In the entries below, find the line with "Posh Home Jersey" and the line with "Gebruik de zoekbalk". Reproduce those two lines and every line between them exactly, and nothing more.

■ **Records for the task**:
== Segment start ==
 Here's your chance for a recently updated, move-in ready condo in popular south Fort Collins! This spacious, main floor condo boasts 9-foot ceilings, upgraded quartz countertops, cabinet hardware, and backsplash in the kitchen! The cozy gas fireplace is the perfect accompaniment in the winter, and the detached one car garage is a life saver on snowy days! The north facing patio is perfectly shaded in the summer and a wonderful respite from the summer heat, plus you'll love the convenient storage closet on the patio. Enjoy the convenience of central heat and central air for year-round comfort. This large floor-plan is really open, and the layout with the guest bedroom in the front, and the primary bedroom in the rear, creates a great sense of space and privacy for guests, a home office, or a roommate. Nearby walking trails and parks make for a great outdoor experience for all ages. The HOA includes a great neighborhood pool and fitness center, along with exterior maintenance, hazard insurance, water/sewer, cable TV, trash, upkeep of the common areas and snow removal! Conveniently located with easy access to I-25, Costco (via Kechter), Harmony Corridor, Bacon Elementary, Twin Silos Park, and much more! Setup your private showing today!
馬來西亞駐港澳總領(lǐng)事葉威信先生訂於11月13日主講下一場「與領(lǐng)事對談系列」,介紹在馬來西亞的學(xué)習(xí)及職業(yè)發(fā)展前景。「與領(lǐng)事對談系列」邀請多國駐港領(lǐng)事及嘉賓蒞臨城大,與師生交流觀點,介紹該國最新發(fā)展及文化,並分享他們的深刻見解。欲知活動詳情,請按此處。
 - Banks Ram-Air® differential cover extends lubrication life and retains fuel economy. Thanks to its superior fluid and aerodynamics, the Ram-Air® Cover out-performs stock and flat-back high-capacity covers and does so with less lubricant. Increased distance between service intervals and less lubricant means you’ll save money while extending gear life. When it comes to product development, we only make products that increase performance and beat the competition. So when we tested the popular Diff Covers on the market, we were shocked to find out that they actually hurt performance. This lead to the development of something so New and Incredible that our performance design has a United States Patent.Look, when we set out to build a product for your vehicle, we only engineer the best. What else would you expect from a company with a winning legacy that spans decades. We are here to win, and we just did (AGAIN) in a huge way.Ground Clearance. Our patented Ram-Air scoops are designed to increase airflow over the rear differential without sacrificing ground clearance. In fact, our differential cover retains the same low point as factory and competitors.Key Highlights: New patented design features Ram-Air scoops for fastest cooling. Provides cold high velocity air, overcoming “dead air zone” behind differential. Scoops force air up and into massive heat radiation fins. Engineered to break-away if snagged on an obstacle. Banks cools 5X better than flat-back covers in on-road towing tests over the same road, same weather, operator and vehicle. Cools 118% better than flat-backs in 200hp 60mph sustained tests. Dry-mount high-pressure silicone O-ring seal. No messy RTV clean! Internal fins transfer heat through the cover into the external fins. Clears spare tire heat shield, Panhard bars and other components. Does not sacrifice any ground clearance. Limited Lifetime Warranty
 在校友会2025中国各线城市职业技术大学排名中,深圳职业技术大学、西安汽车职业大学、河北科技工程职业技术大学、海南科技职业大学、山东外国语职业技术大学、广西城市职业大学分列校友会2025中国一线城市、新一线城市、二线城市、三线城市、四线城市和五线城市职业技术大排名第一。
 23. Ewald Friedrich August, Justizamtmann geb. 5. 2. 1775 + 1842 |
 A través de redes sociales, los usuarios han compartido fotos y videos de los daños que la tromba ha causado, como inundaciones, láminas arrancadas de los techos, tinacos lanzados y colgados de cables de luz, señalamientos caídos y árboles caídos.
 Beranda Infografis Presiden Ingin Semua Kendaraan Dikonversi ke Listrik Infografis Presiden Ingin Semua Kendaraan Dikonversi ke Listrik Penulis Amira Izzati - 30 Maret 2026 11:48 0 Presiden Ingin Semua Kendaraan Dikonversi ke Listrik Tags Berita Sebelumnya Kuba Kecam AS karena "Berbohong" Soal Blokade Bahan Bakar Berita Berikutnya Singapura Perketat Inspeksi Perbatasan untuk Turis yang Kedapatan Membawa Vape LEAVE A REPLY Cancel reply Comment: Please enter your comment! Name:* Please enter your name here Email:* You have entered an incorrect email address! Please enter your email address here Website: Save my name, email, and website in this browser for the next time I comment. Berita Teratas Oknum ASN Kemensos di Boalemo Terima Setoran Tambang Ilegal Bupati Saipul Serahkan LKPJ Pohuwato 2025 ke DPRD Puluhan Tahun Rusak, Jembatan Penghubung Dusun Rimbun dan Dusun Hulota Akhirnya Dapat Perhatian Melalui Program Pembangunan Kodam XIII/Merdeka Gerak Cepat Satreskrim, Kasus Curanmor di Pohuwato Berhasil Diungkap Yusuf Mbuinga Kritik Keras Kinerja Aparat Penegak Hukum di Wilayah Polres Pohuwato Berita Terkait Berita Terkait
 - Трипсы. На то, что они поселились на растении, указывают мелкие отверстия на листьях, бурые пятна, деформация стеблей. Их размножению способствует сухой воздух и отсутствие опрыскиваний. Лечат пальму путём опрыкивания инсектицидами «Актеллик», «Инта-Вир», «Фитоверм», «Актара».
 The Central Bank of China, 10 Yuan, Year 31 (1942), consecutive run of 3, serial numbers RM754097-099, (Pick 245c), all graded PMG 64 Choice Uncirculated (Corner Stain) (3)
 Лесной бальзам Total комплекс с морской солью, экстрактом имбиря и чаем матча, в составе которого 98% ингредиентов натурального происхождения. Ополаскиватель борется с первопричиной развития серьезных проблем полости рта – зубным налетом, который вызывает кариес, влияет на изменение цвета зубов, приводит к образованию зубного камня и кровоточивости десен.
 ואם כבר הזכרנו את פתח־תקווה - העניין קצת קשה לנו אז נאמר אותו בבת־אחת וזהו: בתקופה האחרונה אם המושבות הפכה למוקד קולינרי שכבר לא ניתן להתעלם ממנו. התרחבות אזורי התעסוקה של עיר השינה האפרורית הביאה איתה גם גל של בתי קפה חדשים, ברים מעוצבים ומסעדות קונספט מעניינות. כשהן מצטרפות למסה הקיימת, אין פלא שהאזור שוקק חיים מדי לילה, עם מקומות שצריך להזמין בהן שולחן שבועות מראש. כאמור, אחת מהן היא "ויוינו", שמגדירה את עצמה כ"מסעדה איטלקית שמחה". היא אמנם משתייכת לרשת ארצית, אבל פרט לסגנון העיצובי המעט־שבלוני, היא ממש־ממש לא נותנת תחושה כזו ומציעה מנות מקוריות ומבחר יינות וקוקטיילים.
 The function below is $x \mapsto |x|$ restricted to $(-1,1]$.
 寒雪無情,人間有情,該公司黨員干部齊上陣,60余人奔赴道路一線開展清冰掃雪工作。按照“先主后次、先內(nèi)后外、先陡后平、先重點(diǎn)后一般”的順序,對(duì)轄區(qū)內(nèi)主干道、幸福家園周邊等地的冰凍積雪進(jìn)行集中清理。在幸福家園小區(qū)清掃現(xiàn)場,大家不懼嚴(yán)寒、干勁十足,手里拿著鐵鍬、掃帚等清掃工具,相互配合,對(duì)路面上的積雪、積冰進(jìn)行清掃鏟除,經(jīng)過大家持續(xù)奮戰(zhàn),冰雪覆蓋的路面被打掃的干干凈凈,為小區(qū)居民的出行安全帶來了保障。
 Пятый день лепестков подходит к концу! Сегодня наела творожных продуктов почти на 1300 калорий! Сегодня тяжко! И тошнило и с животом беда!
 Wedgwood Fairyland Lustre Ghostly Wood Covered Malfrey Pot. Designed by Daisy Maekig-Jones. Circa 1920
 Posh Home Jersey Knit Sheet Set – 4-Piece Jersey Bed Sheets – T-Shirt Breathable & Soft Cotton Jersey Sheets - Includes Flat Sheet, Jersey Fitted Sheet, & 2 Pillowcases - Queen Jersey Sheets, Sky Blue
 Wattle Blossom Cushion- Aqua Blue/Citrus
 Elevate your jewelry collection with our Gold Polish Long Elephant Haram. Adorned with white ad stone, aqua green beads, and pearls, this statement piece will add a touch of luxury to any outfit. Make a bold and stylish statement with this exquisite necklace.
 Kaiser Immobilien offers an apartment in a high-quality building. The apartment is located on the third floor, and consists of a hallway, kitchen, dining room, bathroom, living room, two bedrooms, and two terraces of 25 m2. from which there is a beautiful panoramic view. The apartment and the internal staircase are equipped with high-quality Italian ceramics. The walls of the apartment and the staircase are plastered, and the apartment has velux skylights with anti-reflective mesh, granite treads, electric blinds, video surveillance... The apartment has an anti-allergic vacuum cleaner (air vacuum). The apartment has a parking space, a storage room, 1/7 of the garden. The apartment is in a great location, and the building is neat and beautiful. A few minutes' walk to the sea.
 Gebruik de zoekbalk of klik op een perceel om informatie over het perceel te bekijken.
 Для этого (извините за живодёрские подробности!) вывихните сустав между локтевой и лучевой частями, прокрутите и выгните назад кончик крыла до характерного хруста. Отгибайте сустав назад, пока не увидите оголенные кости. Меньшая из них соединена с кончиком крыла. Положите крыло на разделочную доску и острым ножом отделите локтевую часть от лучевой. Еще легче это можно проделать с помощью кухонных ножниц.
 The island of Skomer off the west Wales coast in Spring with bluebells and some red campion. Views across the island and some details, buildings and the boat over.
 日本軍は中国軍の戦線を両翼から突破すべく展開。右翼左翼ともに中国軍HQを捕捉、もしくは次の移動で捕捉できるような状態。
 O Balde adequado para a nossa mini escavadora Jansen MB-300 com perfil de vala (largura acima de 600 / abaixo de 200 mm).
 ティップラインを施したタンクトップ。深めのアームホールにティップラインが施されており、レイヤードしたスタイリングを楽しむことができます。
== Segment end ==
■ **Response to this task**:
 Posh Home Jersey Knit Sheet Set – 4-Piece Jersey Bed Sheets – T-Shirt Breathable & Soft Cotton Jersey Sheets - Includes Flat Sheet, Jersey Fitted Sheet, & 2 Pillowcases - Queen Jersey Sheets, Sky Blue
 Wattle Blossom Cushion- Aqua Blue/Citrus
 Elevate your jewelry collection with our Gold Polish Long Elephant Haram. Adorned with white ad stone, aqua green beads, and pearls, this statement piece will add a touch of luxury to any outfit. Make a bold and stylish statement with this exquisite necklace.
 Kaiser Immobilien offers an apartment in a high-quality building. The apartment is located on the third floor, and consists of a hallway, kitchen, dining room, bathroom, living room, two bedrooms, and two terraces of 25 m2. from which there is a beautiful panoramic view. The apartment and the internal staircase are equipped with high-quality Italian ceramics. The walls of the apartment and the staircase are plastered, and the apartment has velux skylights with anti-reflective mesh, granite treads, electric blinds, video surveillance... The apartment has an anti-allergic vacuum cleaner (air vacuum). The apartment has a parking space, a storage room, 1/7 of the garden. The apartment is in a great location, and the building is neat and beautiful. A few minutes' walk to the sea.
 Gebruik de zoekbalk of klik op een perceel om informatie over het perceel te bekijken.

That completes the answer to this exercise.